* _WHAT YOU NEED TO DO_
The reply should contain all the data below, repeated exactly, and none of the images.
DATA: Begin
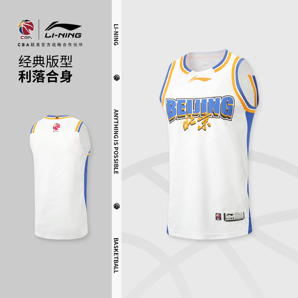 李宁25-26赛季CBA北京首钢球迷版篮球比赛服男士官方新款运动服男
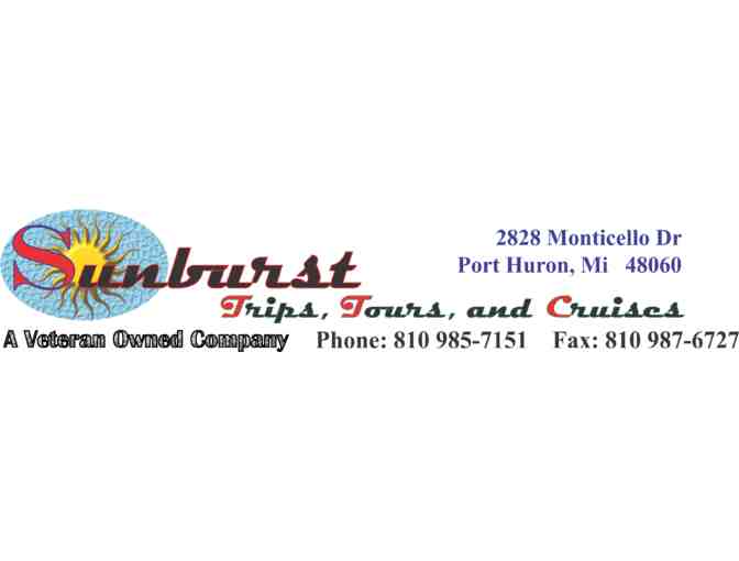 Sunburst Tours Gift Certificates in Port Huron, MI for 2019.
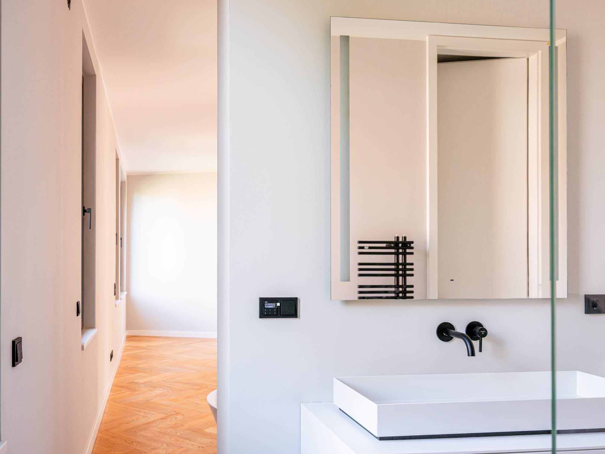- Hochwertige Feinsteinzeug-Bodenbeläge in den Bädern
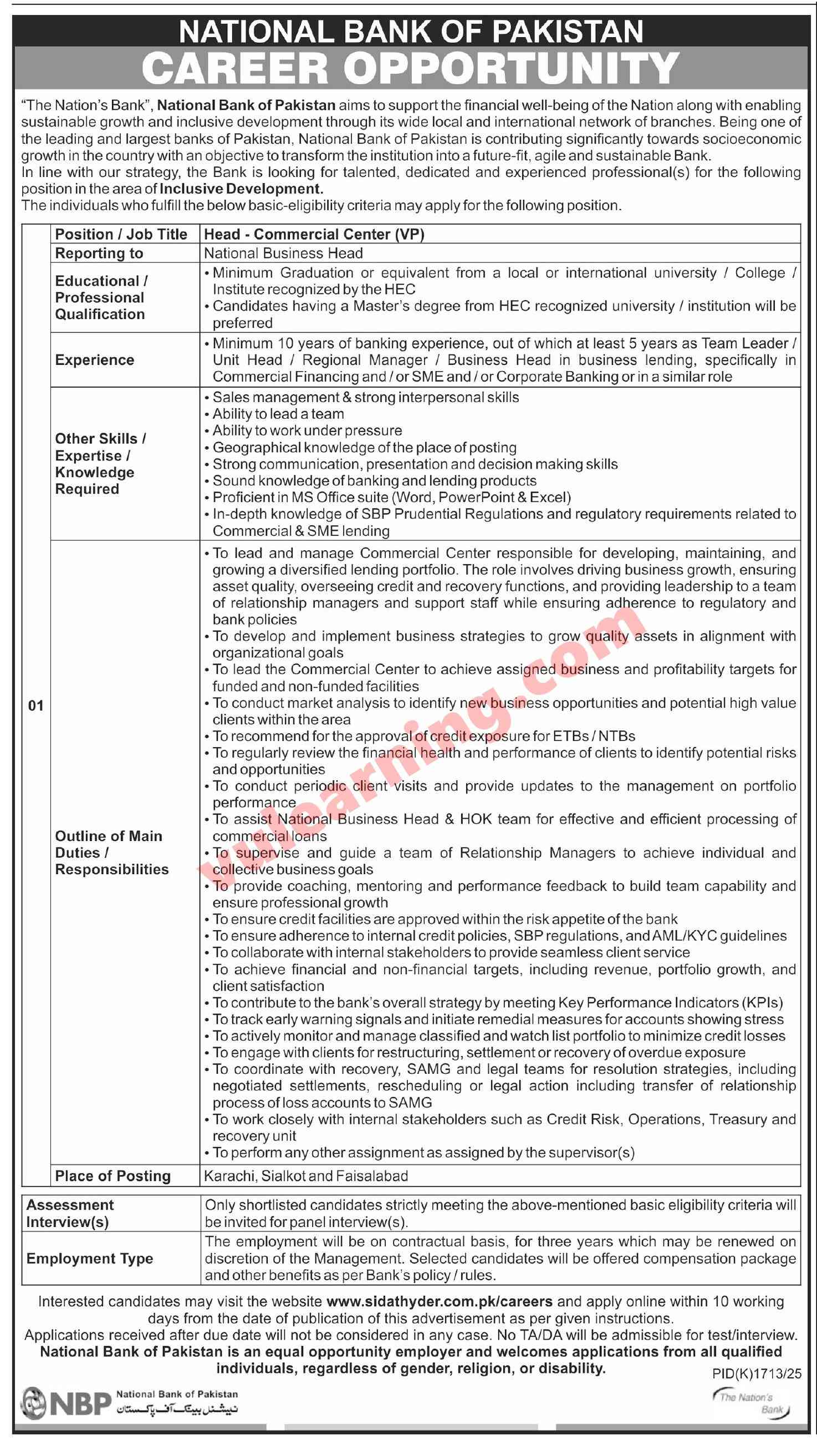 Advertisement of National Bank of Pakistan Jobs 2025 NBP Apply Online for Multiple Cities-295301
DATA: End
* _SOLUTION FOR THIS TASK_
 李宁25-26赛季CBA北京首钢球迷版篮球比赛服男士官方新款运动服男
 Sunburst Tours Gift Certificates in Port Huron, MI for 2019.
- Hochwertige Feinsteinzeug-Bodenbeläge in den Bädern
 Advertisement of National Bank of Pakistan Jobs 2025 NBP Apply Online for Multiple Cities-295301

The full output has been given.